Quante volte si può donare il plasma?

“Teoricamente si potrebbe donarlo due volte al mese. Esiste una normativa tecnica ben precisa che fissa i limiti massimi di volume prelevabile in un mese e nell’arco di 12 mesi”.

Quanto plasma viene raccolto in una sacca?

“In media una sacca di plasma deve contenere tra 600 e 700 millilitri massimo”.

Dal punto di vista medico ci sono controindicazioni nel donare plasma?

“Assolutamente no. Basti pensare che la ricostruzione dei componenti del plasma sottratti con la plasmaferesi è molto rapida. Servono al massimo 6 giorni per reintegrare e recuperare i valori originari, ossia quelli antecedenti la donazione. A volte, ma solo perché non c’è una diffusa e puntuale informazione relativa a questo tema, le persone sono portate a pensare che, effettuando la plasmaferesi, si vengono a perdere valori importanti per l’organismo. Non è così.
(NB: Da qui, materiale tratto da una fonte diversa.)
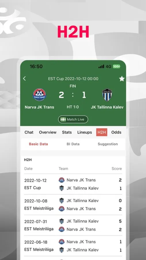 Historical confrontation: Provide users with data comparison of scores and index results through the scores and indexes of the past battles between the two sides;

È vero che tutto ciò che fa funzionare l’organismo umano è veicolato dal plasma, a partire dai sali minerali fino agli ormoni ma è altrettanto vero che tutto viene reintegrato in meno di una settimana”.

Stesso discorso vale anche per le donne? Ci sono controindicazioni specifiche per il genere femminile?

“Non ci sono controindicazioni per le donne, anzi. Le donne molto facilmente vanno incontro a criticità legate a valori bassi dell’emoglobina. Nel caso che, per una lieve anemia, non possano sottoporsi a donazioni di sangue intero, basta che abbiano un’emoglobina che superi il valore di 11,5 grammi per essere tranquillamente avviate a fare la plasmaferesi”.

Eppure in Italia la donazione di plasma fa fatica ad essere recepita e praticata. A suo avviso perché?

“Ci sono diverse motivazioni. Quello che posso dire con certezza è che nel nostro Paese mancano l’informazione e la cultura della donazione. Come Croce Rossa Italiana siamo impegnati – e io personalmente ho passato questi ultimi 10 anni a farlo – a fare informazione nelle scuole. Partiamo dalle primarie facendo un lavoro mirato e specifico con l’aiuto degli insegnanti per poi approfondire nelle secondarie coi ragazzi che si avvicinano al compimento della maggiore età così da far capire loro che possono concretamente valutare la possibilità di fare un gesto intelligente e altruista quale, appunto, il dono di sangue e plasma. Questo non significa che stiamo facendo tutto il possibile: questi messaggi devono esser veicolati bene anche tra gli adulti che, spesso, non sanno quanto il plasma e i suoi derivati siano essenziali per dar vita a presidi farmacologici indispensabili a curare o mitigare molte malattie, non solo quelle legate ad un’imperfetta coagulazione del sangue”.